# [Algorithms I] Week 6 Hash Tables

[TOC]

Can we do better than BST if we do not need ordered operations ?

(No compare methods, use equals method)

Idea: save items in an array.
Hash function: method for calclulating the array index of a key.

Issues:

• computing hash function
• equality tests
• collision resolution

# 1. Hash Functions

Goal: scramble the keys uniformly to produce a table index.

• effcient to compute
• all indices are equally likely for any key

challenge: need different approach for different key types.

## Java's hashing

All java object has a methode `int hashCode()`
requirement:

• if x.equals(y) ⇒ x.hashCode()==y.hashCode()
• (hopefully) if x.equals(y)==false ⇒ x.hashCode!=y.hashCode()

• Default implementation: memory address for x.

• Custom implementations for standard types: Integer, Double, String, File, URL, Date...

Strings: Horner's method — compute a polynome.
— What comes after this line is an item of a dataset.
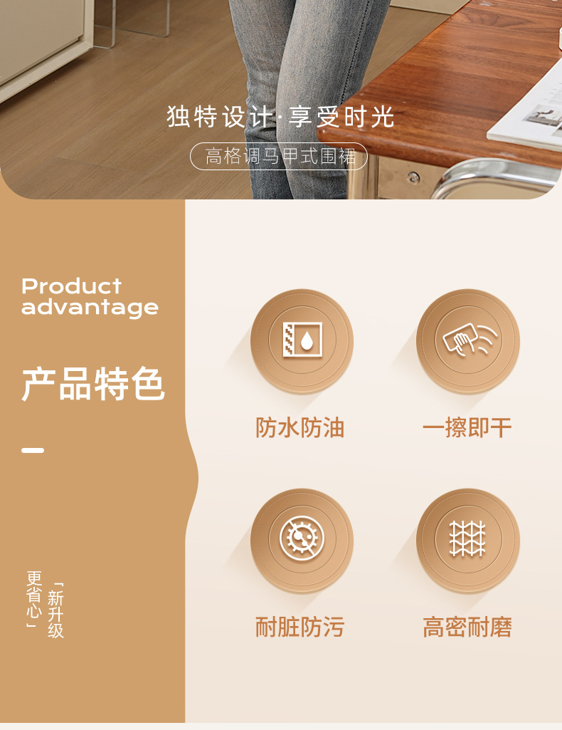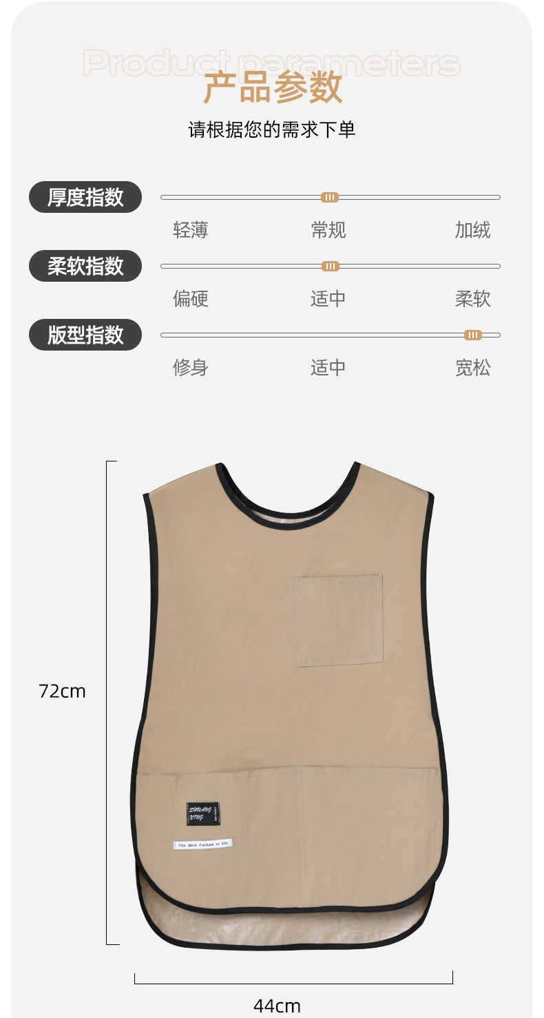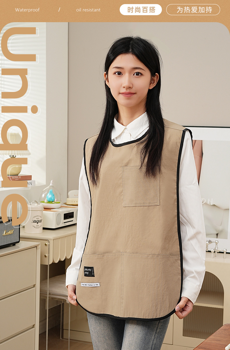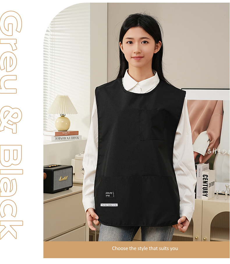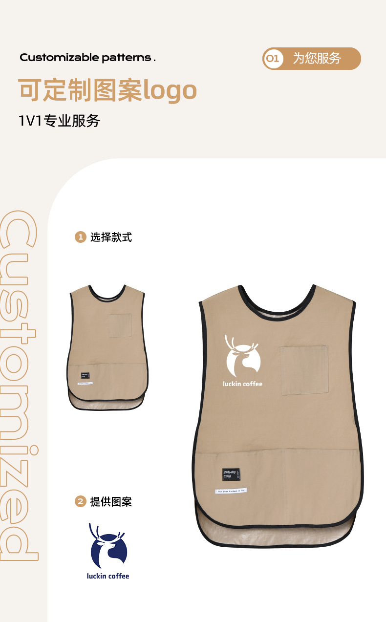 라운드 넥 커피 숍 밀크 티 숍 작업복 조끼 스타일 앞치마 웨이터 방수 및 내유성 맞춤 인쇄 로고

recipe for user-defined types:

## Modeular hasing

(hash code VS hash function)

• Hash code: 32-bit integer between -2^31 and 2^31-1 (can be negative!!)
• Hash function: integer between 0 and M-1 (used directly as array index, should >=0)

BUG code:

```private int hash(Key k){
return k.hashCode()%M;
}
```

→ bug: number returned can be negative !

1-in-billion bug code:
`return Math.abs(k.hashCode()) % M;`

→ bug: Math.abs() returns negative numbers for -2^31

correct code:
just take the first 31 bits: x&0x7fffffff
`return k.hashCode()&0x7fffffff % M;`

## uniform hasing assumption

each key is equally likely to hash to an integer between 0 and M-1

# 2. Separate Chaining

one strategy for collision resolution.

idea: Using a table of size M < N, build a list for each of the table positions.

## implementation

```public class SeparateChainingHashST<Key, Value>{
private int M = 97;
private Node[] st = new Node[97];
private static class Node{
Object key, val; // no generic array creation!
Node next;
public Node(Key k, Value v, Node nxt){...}
}
int hash(Key k){
return (k.hashCode()&0x7fffffff) % M;
}
public Value get(Key k){
int h = hash(k);
for(Node x=st[h]; x!=null; x=x.next)
if(k.equals(x.val)) return (Value)x.val; //cast
return null;
}
public void put(Key k, Value v){
int h = hash(k);
for(Node x=st[h]; x!=null; x=x.next)
if(k.equals(x.val))
{x.val = v; return;}
st[h] = new Node(k,v,st[h]);
}
}
```

## analysis

proposition
Under the assumption of uniform hashing, the number of keys in a list is within a constant factor to N/M.
proof.
binominal distribution.

M times faster than sequential search
→ typical choice: M ~ N/5

# 3. Linear Probing

Another approch for collision resolution.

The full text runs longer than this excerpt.